Les prix unitaires dans le cadre d’un appel d’offres public : l’état de la jurisprudence

1 avril 2020 | Antoine Gamache | Montréal

Il n’est pas rare que les documents contractuels gouvernant un appel d’offres public contiennent des clauses encadrant les prix unitaires qui peuvent être offerts par les soumissionnaires. Par exemple, il est fréquent que les donneurs d’ouvrage exigent que les prix au bordereau de soumission soient commercialement raisonnables ou encore que ceux-ci ne soient pas débalancés. Les raisons pour lesquelles le donneur d’ouvrage préfère ajouter une telle clause au devis dépendent des circonstances propres à chaque projet, mais l’une des raisons est que si l’adjudicataire du contrat décide de se prévaloir de la clause de modification et ainsi apporter des changements au contrat, il est possible d’avancer que le fait que les prix au bordereau soient commercialement raisonnables permet d’éviter certains litiges entre l’entrepreneur et le donneur d’ouvrage.
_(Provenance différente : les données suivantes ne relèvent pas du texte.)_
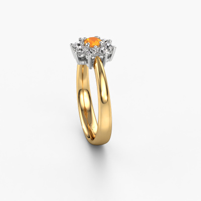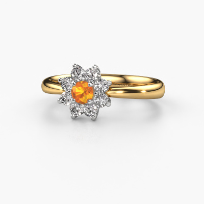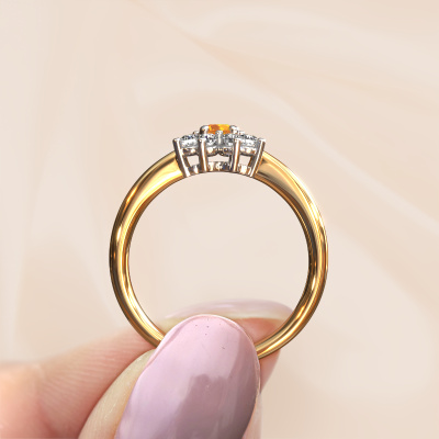 Der oben gezeigte Ring wird Camille 1 genannt. Ein Flower Ring mit einem zentralen Edelstein, umgeben von kleineren Steinen, wir nennen das einen Cluster Ring. Diese Version in 14 Karat Gold hat einen 3.4 mm rund Citrin als Mittelstein, umschlossen von kleineren Diamanten. Der traditionell, Gold Flower Verlobungsring zeichnet sich durch seine Form aus. Zusammen bilden die kleineren und größeren Citrin eine Blume und scheinen zu einem großen, funkelnden Edelstein zu verschmelzen. Dieser traditionell Verlobungsring wird auch als Blumen- oder Rosettenring bezeichnet. Unsere erfahrenen Juweliere stellen sicher, dass die kleineren Diamanten identisch gesetzt sind, so dass es an dem Citrin keine Lichtstörungen gibt, sondern sie stattdessen eine Einheit bilden. Mit perfekter Präzision und geschickter Hand wird jeder Citrin in den Ring gesetzt. Während der Herstellung wird alles ständig überwacht, um sicherzustellen, dass das Licht einwandfrei reflektiert wird. Das alles führt zu einem einzigartigen Verlobungsring mit einem strahlenden Citrin in seiner Mitte. Ein schönes, bedeutungsvolles Geschenk, um es der Liebe Ihres Lebens zu schenken. Mit unserer modernen Technik können wir Schmuckstücke von höchster Qualität mit größter Sorgfalt für Sie entwerfen und anpassen. Unsere Verlobungsringe sind immer um 30 Prozent günstiger als bei anderen Juwelieren. Wir fertigen Verlobungsringe auf Bestellung, also müssen wir keine großen Lager unterhalten. Wenn Sie ein bestimmtes Budget haben, beraten wir Sie gerne entsprechend.Unser Team fügt unserer Online-Kollektion täglich neue Designs hinzu. Unsere Designer und Goldschmiede arbeiten zusammen, um das beste Design zu kreieren. Wir bemühen uns, eine vielfältige Kollektion von Schmuckstücken anzubieten. Vielleicht haben Sie ein bestimmtes Design im Sinn. Eines, dass Sie irgendwo gesehen haben. Gerne geben wir Ihnen eine kostenlose Beratung. Wir machen Ihnen ein Angebot, basierend auf einem fairen Preis/Leistungsverhältnis, das Sie verblüffen wird.Um es einfacher zu machen, bieten wir eine kostenlose 30-tägige Rücksendung.

En effet, si l’entrepreneur soumet un prix manifestement plus bas que ce qu’il en coûte réellement pour l’exécution d’une certaine portion des travaux dans le but de soumettre un prix plus concurrentiel et que la quantité à réaliser pour ces travaux augmentent, le soumissionnaire pourrait rapidement se retrouver dans une situation où le contrat s’exécute à perte.

Ces clauses encadrant les prix unitaires soumis peuvent cependant faire en sorte que l’entrepreneur se retrouve face à un dilemme lors de la préparation de sa soumission si les quantités estimées dans les documents d’appel d’offres sont manifestement inexactes. C’est ce qui s’est produit dans l’affaire Municipalité de Piedmont c. Uniroc Construction inc. dans laquelle la Cour d’appel du Québec vient récemment de rendre sa décision.[1]

Les faits

En mai 2014, la Municipalité de Piedmont (« Piedmont ») lance un appel d’offres pour le remplacement de conduites d’aqueduc ainsi que le remplacement de la chaussée sur une partie de son territoire. Piedmont bénéficie des services de la firme Beaudoin Hurens inc. (« BH ») afin de préparer les documents d’appel d’offres.

Les documents d’appel d’offres prévoient que des prix unitaires doivent être soumis et ils contiennent une clause à l’effet que « [l]’Entrepreneur est tenu de fournir un prix raisonnable pour l’excavation du roc (prix réel) et dans le cas contraire, sa soumission pourrait être rejetée. »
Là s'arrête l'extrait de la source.